What can you automate?

(Most) Anything a human can do, Grunt can do (better)


  • Minification
  • Compilation
  • Unit Testing
  • Linting
  • Sass or LESS
  • Preprocessing
  • Live-reloading
  • Image resizing

And more...

Anatomy of a Grunt project

Two main things needed

  • A package.json file to list dependencies
  • A Gruntfile to define the tasks

Anatomy of a package.json file

This file is used by Node.js and list the project dependencies and their versions

{
    "name": "AutomateMe",
    "version": "0.1.0",
    "devDependencies": {
        "grunt": "~0.4.2",
        "grunt-contrib-jshint": "~0.6.3",
        "grunt-contrib-nodeunit": "~0.2.0",
        "grunt-contrib-uglify": "~0.2.2"
    }
}
                        

Anatomy of a Gruntfile

A Javascript file that wraps a grunt function and configures a series of plugins. Any valid javascript can go here.

A Gruntfile has:

  • The wrapper function
  • Project and task configuration
  • Loading Grunt plugins and tasks
  • Custom tasks
  • Other Javascript as needed

The wrapper function

Every Gruntfile (and gruntplugin) uses this basic format, and all of your Grunt code must be specified inside this function:


module.exports = function(grunt) {
  // Do grunt-related things in here
};
                        

Project and task configuration

Most Grunt tasks rely on configuration data defined in an object passed to the grunt.initConfig method. The <% %> template strings may reference any config properties, configuration data like filepaths and file lists may be specified this way to reduce repetition


grunt.initConfig({
    foo_files: ['./*.js'],
    bar_files: ['./*.css'],
    //concat config for concatenating files
    //command line via 'grunt concat'
    concat: {
        foo: {
          // concat task "foo" target options and files go here.
          files: '<%= foo_files %>'
        },
        bar: {
          // concat task "bar" target options and files go here.
          files: '<%= bar_files %>'
        },
    },
}
                        

Loading Grunt Plugins and Tasks

Any plugins you use or tasks you want to import, you use as such:


// Load the plugin that provides the "concat" task.
grunt.loadNpmTasks('grunt-contrib-concat');

//Register the task to run
grunt.registerTask('compile', ['clean', 'concat', 'jshint', 'karma', 'uglify', 'preprocess', 'shell:build']);

//OPTIONAL
//Loads .js files in ./tasks directory
grunt.loadTasks("tasks");

//tasks folder - compile.js
module.exports = function(grunt) {
 
    grunt.registerTask('compile', ['clean', 'concat', 'jshint', 'karma', 'uglify', 'preprocess', 'shell:build']);

};
                        

Custom Tasks

You can define custom tasks with Javascript or multiple tasks with targets


module.exports = function(grunt) {

  // A very basic default task.
  grunt.registerTask('log', 'Log some stuff.', function() {
    grunt.log.write('Logging some stuff...').ok();
  });

};
                        

Multi Tasks


grunt.initConfig({
  log: {
    foo: [1, 2, 3],
    bar: 'hello world',
    baz: false
  }
});

grunt.registerMultiTask('log', 'Log stuff.', function() {
  grunt.log.writeln(this.target + ': ' + this.data);
});
                        

Grunt Options

You can think of Grunt options as the command line parameters you pass to grunt for calling tasks.
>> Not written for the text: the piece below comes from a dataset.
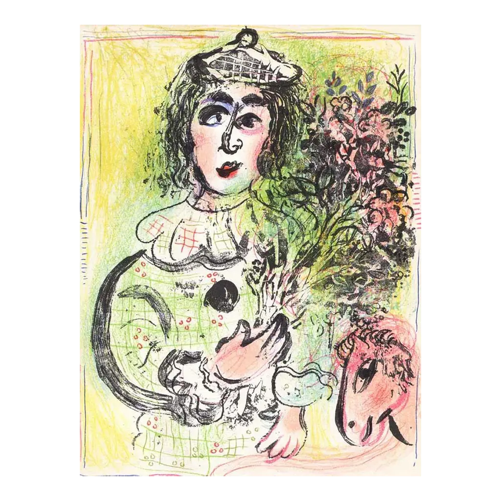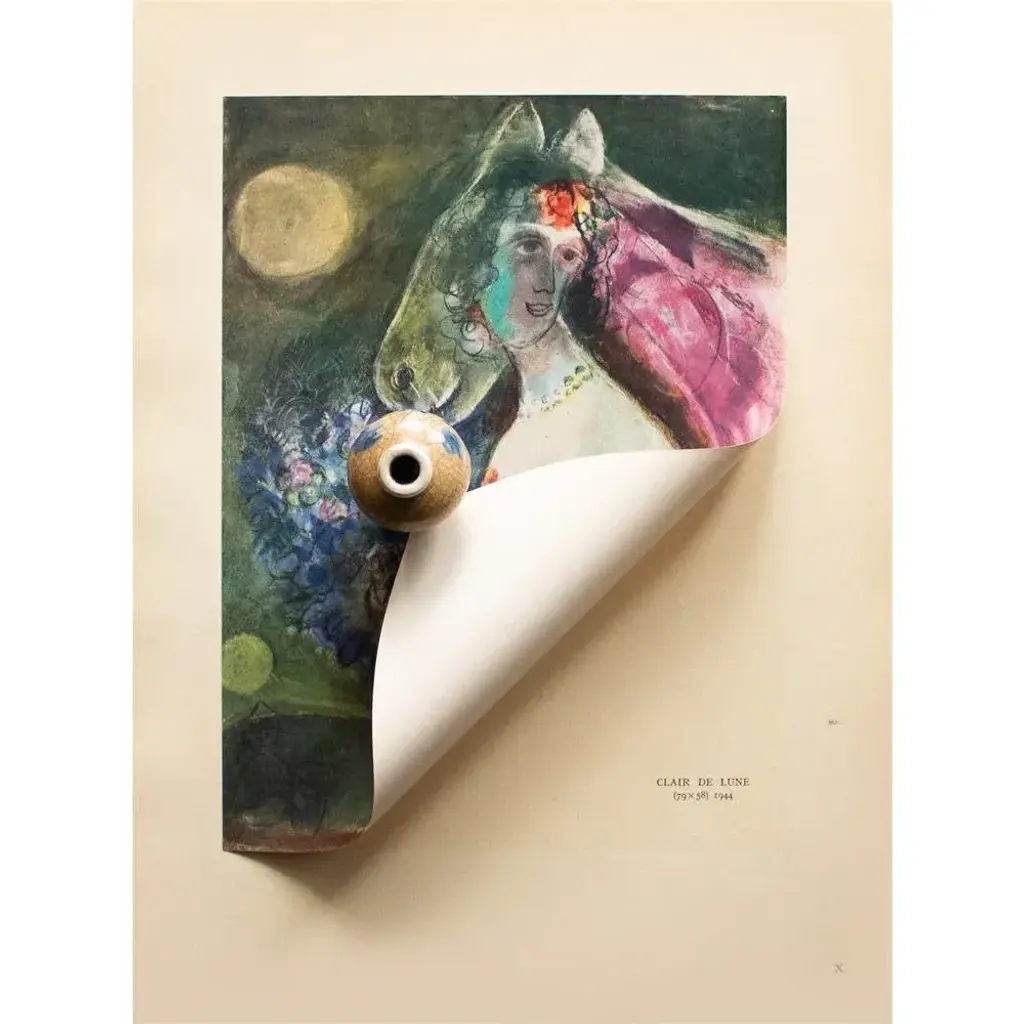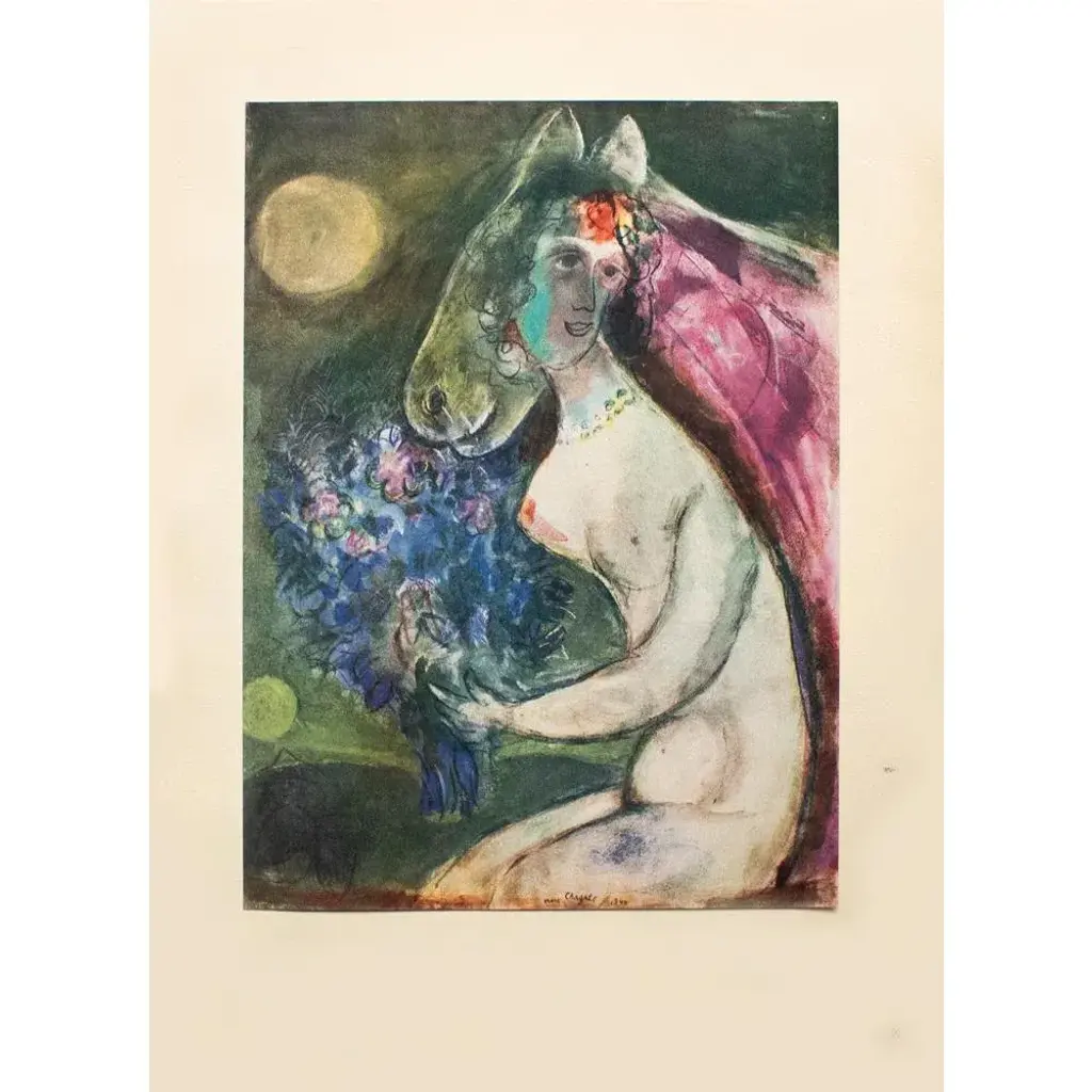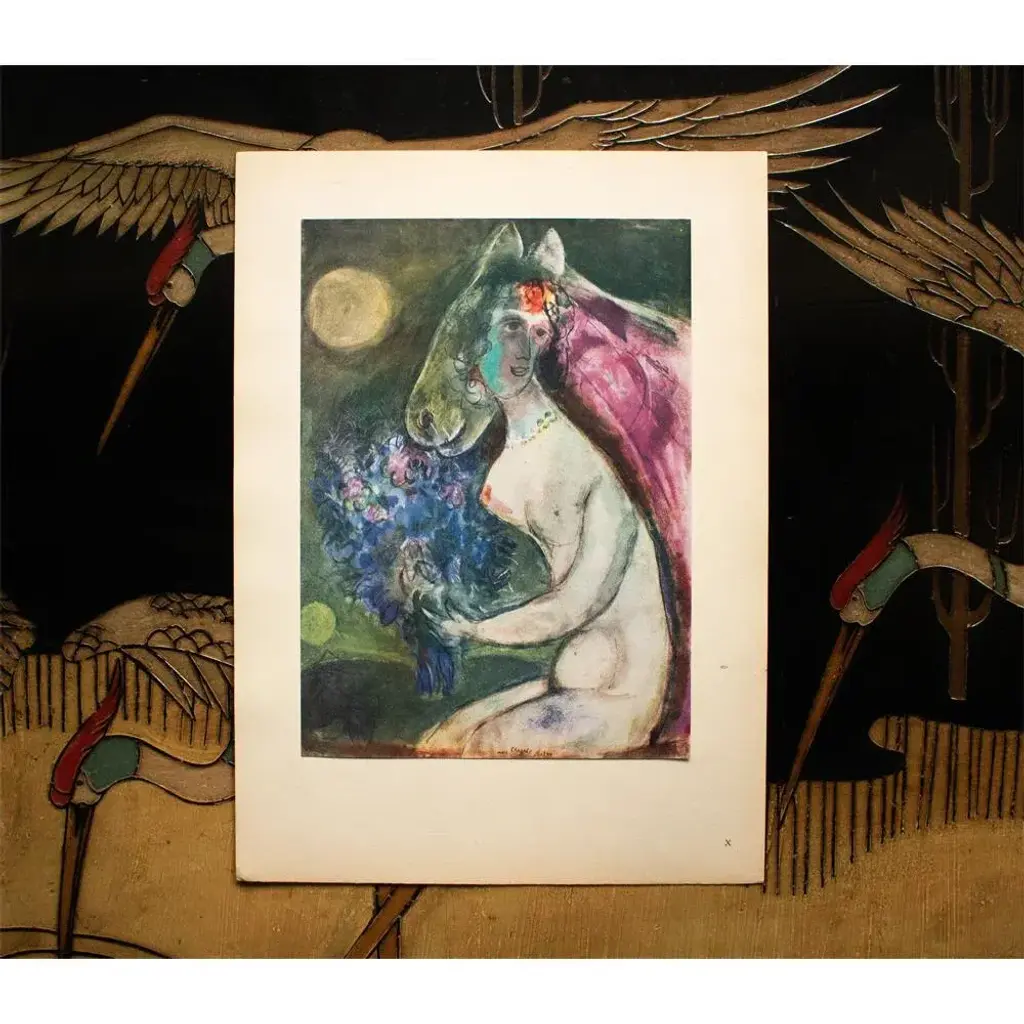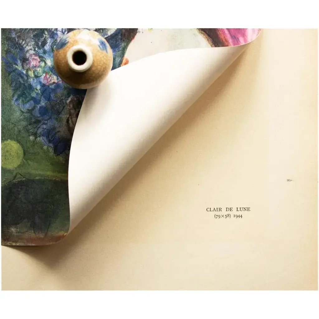 A stunning vintage period offset lithograph, print, after painting "Clair de Lune" (Moonlight, 1944) by Marc Chagall. Comes from a First Limited Edition of XVI pieces of Chagall's art portfolio, published by Les Editions du Chene in Paris, France in 1947. The Edition No. 195. Signed and dated in the print. Printed on one side. Hand tipped-in on a board of heavy paper. Information regarding the original artwork, in French, will be found by lifting the piece. Numbered on the board: X. Excellent condition of the print; minor edge wear on the board; never framed. Overall 11"W x 15"H Image 7.75"W x 11"H On the subject of the editor: Editions du Chêne, Paris 1941, it is an occupied Paris which witnesses the emergence, 16, place Vendôme, of the Editions du Chêne. A risky bet given that its 21-year old founder was called Maurice Kahane, an atheist Jewish man who would then adopt the name of his mother, Girodias. The Chêne specialized itself by the edition of art books and literature. The Editions du Chêne would become a branch of the Hachette group in 1951. The edition of art books would then adopt pride of place. George Herscher takes over the Hachette house with enthusiasm in 1971.

They can be used anywhere in


module.exports = function(grunt) {

    //grunt express --host=server.raisemore.com
    var host = grunt.option('host');
};
                        

Gruntfile complete example

module.exports = function(grunt) {

//Standard javascript - retrieve a command line parameter
//Say the user typed 'grunt --foo=bar'
var foo = grunt.option('bar') || 'fubar';

  grunt.initConfig({
    // Arbitrary non-task-specific properties.
    my_property: 'whatever',
    our_file_list: ['./js/*.js'],
    pkg: grunt.file.readJSON('package.json'),
    // jshint task configuration here - you can specify several targets per task 
    jshint: {
      all: {
        options: {
          smarttabs: false //specify options for just this target
        }, 
        files: '<%= our_file_list %>' //Special Grunt syntax to get a config variable
      },
      just_a_few: {
        files: ['./js/index.js', './js/nav.js']
      }
      // specify global options for all targets
      options: {
        smarttabs: true,
        eqnull: true,
        eqeqeq: false
      }
    }
  }
});

  // Load the plugin that provides the "jshint" task.
  grunt.loadNpmTasks('grunt-contrib-jshint');

  // Default task(s).
  grunt.registerTask('default', ['jshint']);

  grunt.registerTask('custom', 'This is how you define a custom task.', function(arg1, arg2){
    //Javascript here folks
  });

};
                        

Getting started is easy

  • Install Grunt
  • Create Gruntfile.js
  • Create package.json

Installing Grunt

Grunt mainly runs from its command line interface in the working directory the Gruntfile


                            npm install -g grunt-cli
                        

Working with existing Grunt project

If your working directory has a Gruntfile - just install project dependencies and view the defined tasks!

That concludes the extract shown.